Changing one of the atom names in residue 284 of reference PDB to match one of the atom names in residue 284 of the system changes the error to:
IncompatibleError: Didn't match all of the atoms in the reference molecule: Found 2308, expected 2309.
So it looks like at the moment it is expected that the molecules match up perfectly. I thought the CV would be able to handle differences in molecules as long as all the atoms in the reference were present in the system (which was the case in the first scenario). Could you clarify what the requirements are for the reference/system match for the CV?
(for reference, I'm using a version of BSS cloned from the feature_steered_md branch around noon today)
The expectation is:
- The reference can be matched to a single molecule in the system. (If the user passes an index, then this is clearly unambiguous.)
- All atoms in the reference occur within the matching molecule in the system and have the same name.
- Residues in the reference have the same numbering as those in the matching molecule in the system.
The above handles cases where the molecule has more atoms than the reference, but not cases where the reference does. If we need to support that, then I can remove the check. I guess we can raise a warning, since there might be situations where this indicates that something has gone wrong, or the reference / system is incorrect.
As a quick test, can you remove lines 164-166 of _rmsd.py and see if the output looks sane?
Are these the same example files as previously, if so, I can test here too.
Atoms are matched by residue number and name, so the ordering within a residue can be different, or atoms missing from within a residue, i.e. heavy atoms only.
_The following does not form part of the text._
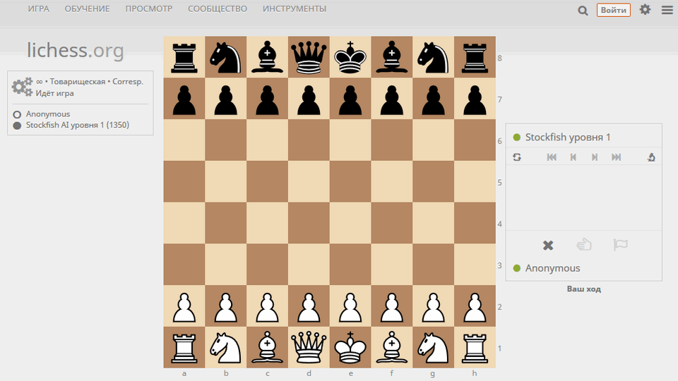 Если вы начинающий шахматист или вам просто хочется поиграть в шахматы, то я настоятельно рекомендую начать с бесплатного он-лайн ресурса https://lichess.org/ — это шахматный интернет-сервер, созданный французским программистом Тибо Дюплесси.
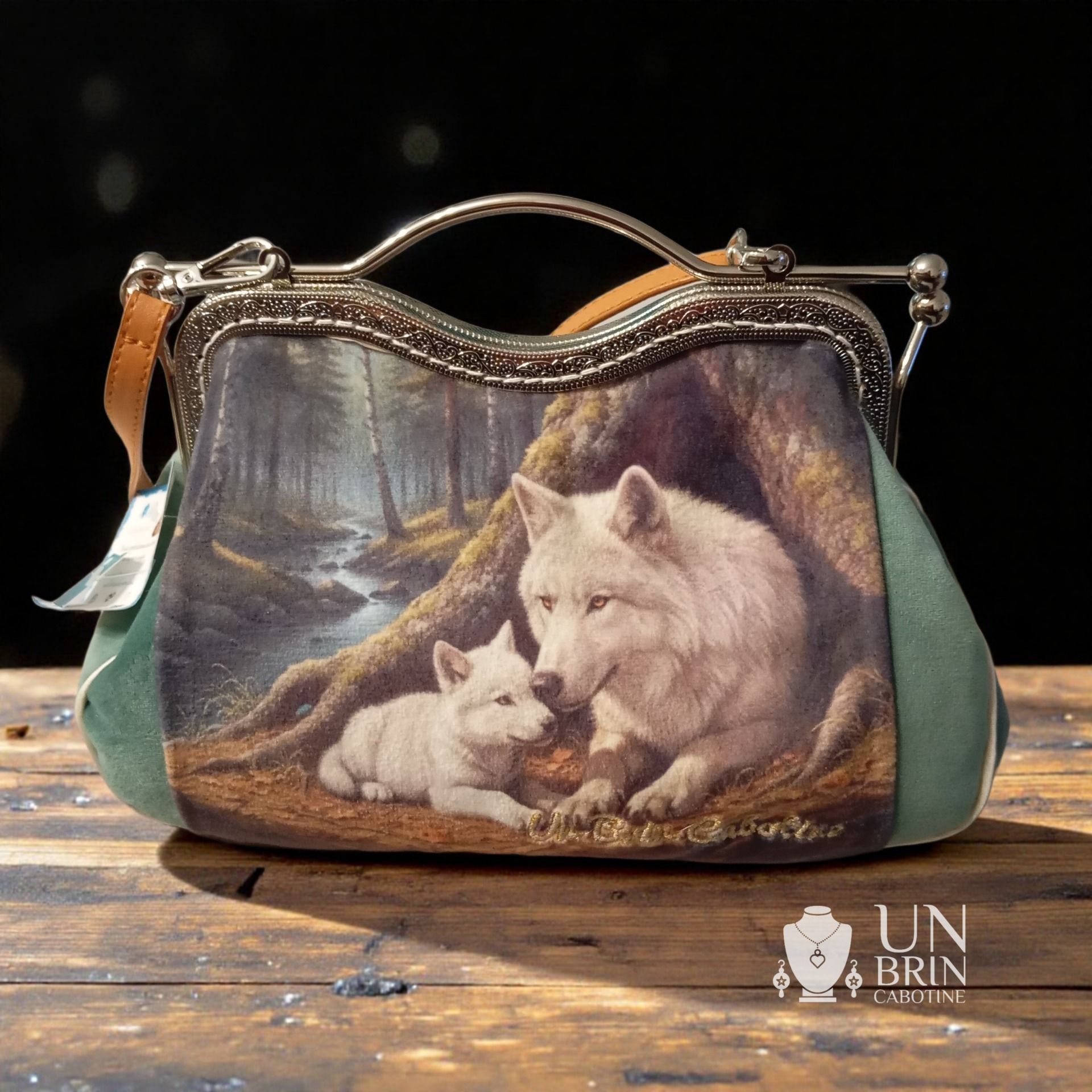 Un accessoire unique qui raconte une histoire. Ce sac à main artisanal allie le charme des objets d'autrefois à une illustration moderne et apaisante. Il met en scène une louve et son petit dans un décor de forêt naturelle. Un hommage vibrant à l'instinct maternel et à la beauté brute de la nature.

The system is the same, but the target.pdb file has only residues 1-283 (simple deleted the rest), which are the ones present in the system.
This makes me think that something goes wrong when the residue number does not match between the two. I can see why I'm getting the IncompatibleError when I add atoms that aren't present in the system, but then the first case (where reference only had 283 residues) should have worked?